Turkey is a powder keg. This is where what we have called the (bloodless) political civil war of the bourgeoisie has brought the country. That political civil war now threatens to break out into the open, growing into the military form. Articulated as it is to the progressive Syrianisation of Turkey as a result of the government’s complicity with ISIL and Erdogan’s all-out war on the Kurds ever since he lost the June 2015 elections, this war threatens to immerse Turkey in a tragedy next to which the Syrian drama will pale into insignificance. And that is a lot to say.
Atlanticism and Rabiism are both reactionary by their very nature. Atlanticism has made the Turkish capitalist state the bulwark of the defence of imperialist interests in the Middle East. Rabiism, on the other hand, is no anti-imperialism. It is the political programme of a class (or class fraction) that wishes to restore its right to plunder a part of the world on the basis of a reactionary ideology and it is despotic through and through. Nonetheless, should war break out between the masters of NATO and Turkey, Marxists in our opinion are duty-bound to come out against imperialism, without a shred of political support to Rabiism and Erdogan and through independent military means of their own, if this is achievable.
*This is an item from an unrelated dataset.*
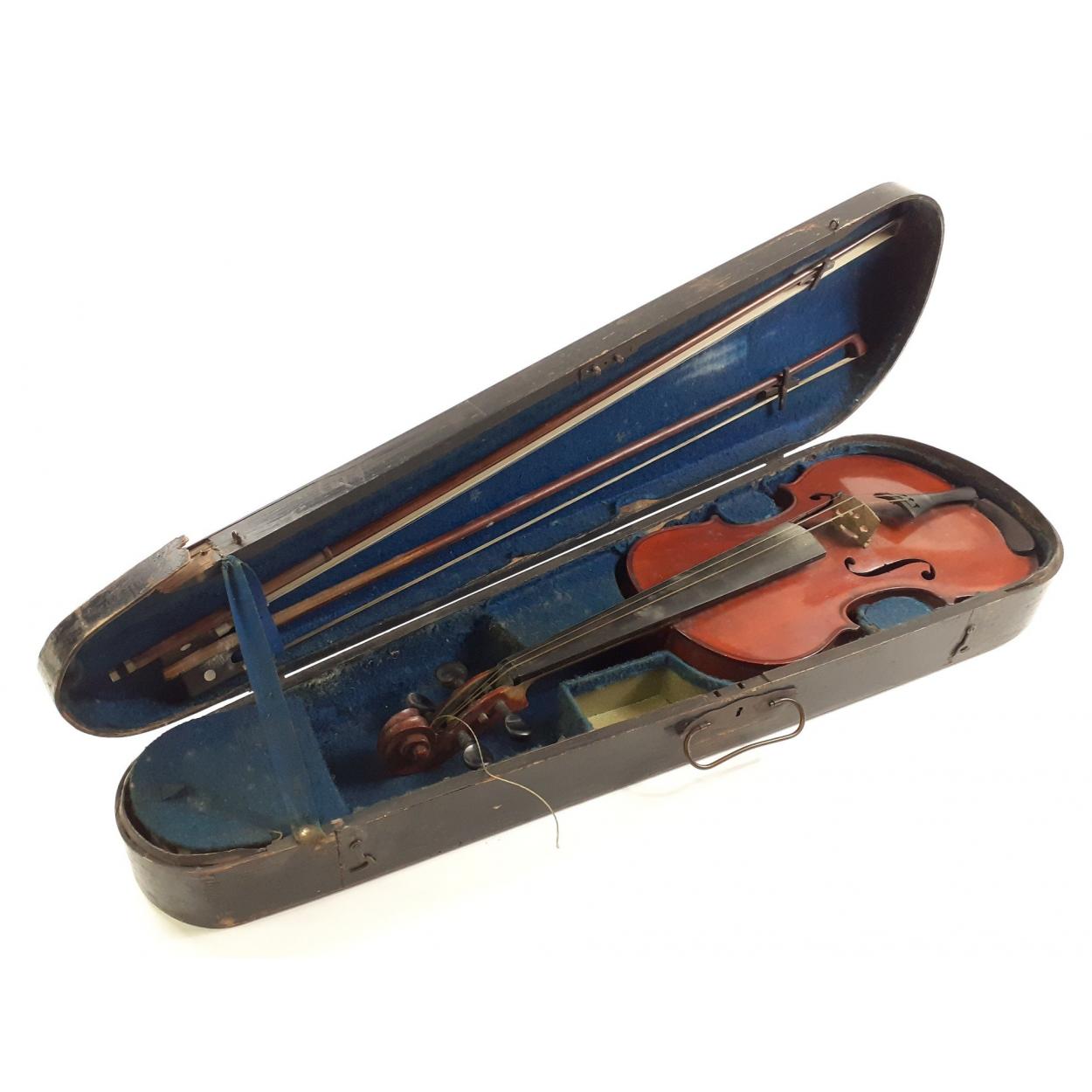 An ANTIQUE cased violin, 36cm body, with Copy of "Antonius Stradivarius made in Germany internal label". Good condition - no splits or cracks. Presented in an older case with two bows - Case does have wear. A very nice looking violin.

So we are now facing two reactionary alternatives. Up until recently, there was certainly another alternative emerging in the horizon. Turkey was shaken by three momentous social movements in the space of two years: the people’s uprising of June-September 2013, the Kurdish serhildan (revolt in Kurdish) connected to the defence of Kobanê in Syria against the forces of ISIL between 6-12 October 2014, and the metalworkers’ wildcat strike that gripped tens of thousands of workers in May-June 2015. However, the deep divisions between these movements, the misplaced policies of the Kurdish movement and the deplorable lack of leadership of the working class movement have combined to lead to a situation where despite these remarkable episodes of social struggle, the exploited and oppressed masses have not been able to form an alternative organisational pole and an alternative programme.
Yet it is too early to say if the potential that burst forth in those memorable episodes is totally spent. Surely, the only way to save the country from internecine slaughter is to count on that potential and tirelessly build a third alternative to the twin dangers of Atlanticism and Rabiism.